Карты за разговорами не забываются и когда положение обостряется и вступает в стадию Карибского кризиса, посторонние разговоры сходят на нет и уступают место афористичным выражениям типа: «А Гитлера не ждали?» или «Шла бы ты домой, Пенелопа»; кроме того могут всплыть совершенно удивительные присказки, которые рождает ситуация; в общем, знатный получается кегельбан.
— Сижу я раз дома, газету читаю, — продолжает травить Маныч. — Звонят. Откройте дверь. Настойчиво, как пьяный только может звонить. Не открываю, нахер, никакого желания общаться нет. Звонок уже не тренькают, а придавили и не отпускают. Я терплю. Тут в дверь пинать начали, на вылом. Взял кочергу, распахиваю — Коля, подлюга.
— Чих-Пых Коля или какой?
— Да этот, мандулай, со скорой помощи со своей вонючей.
— Пьяный?
— Как стекло венецианское.
— Я его трезвым ни разу не видел.
— Ехал он из Кургана, от тещи, — продолжил Маныч. — Дорога дальняя, нудная, ну и ввязался в картишки. С соседями. А азартен, Парамоша. Крепко ввязался. Сейчас уж понятно — на шулеров попал. И денежки-то были у фуфлыжника. Занял у тещи на взнос в кооператив.

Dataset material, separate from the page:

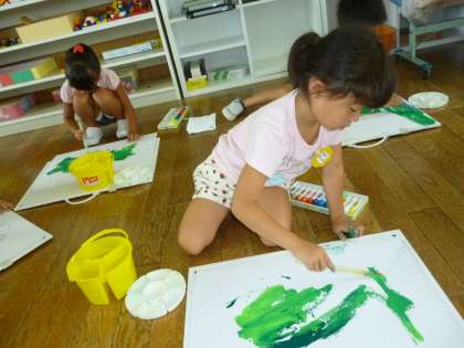 自分の好きな色を選び思いっきり画用紙いっぱいに色を伸ばしていきます。「えっ、いいが・・・」といいながらも、絵の具の感触を楽しんでいました。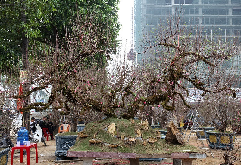 Trong số gần 100 gốc đào bày bán, có gốc đào Nhật Tân cổ thụ được cho thuê với giá 150 triệu đồng/cây.

— Да ты подожди. Эта взятка наша! Ишь, хитёр. Думает не смотрят за ним, заслушались.
— Так они и выигрывают!
— А ты смотри, — сказал нагло Маныч. — Уши развесил. На что тебе зенки даны?
— Ну и что Коля?
— Занял денег у меня, чтоб обручальное кольцо купить. Домой ж не показаться.
— И кольцо просандалил? Ну, герой.
— Колечко моё, ла-ла-ла, ла-лай-ла.
— Бочка!
— Как милый слезешь! Как миленький.
— А мне тут, буквально, сон, — продолжает сонную тему Минька. — Веду я козу домой. Всё уже ясно, даст — всё! Она сама, крыса, в ширинку лезет, у меня аж глаза на лоб. Дуболомом сто
— Правильно и сказал, — хмыкнул Лёлик. — Будит ни свет, ни заря, мудило.
— И смотрю я: это и не Лёлик вовсе, а мужик, который меня обещал с девятого этажа выкинуть. Руку тянет ко мне, а рука длинная-длинная, метра три. Хвать за горло!
— Меня, по правде-матке, сказать, и самого обули, — сказал Маныч, подсчитывая взятки. — И тоже в поезде. Так что Колю я вполне...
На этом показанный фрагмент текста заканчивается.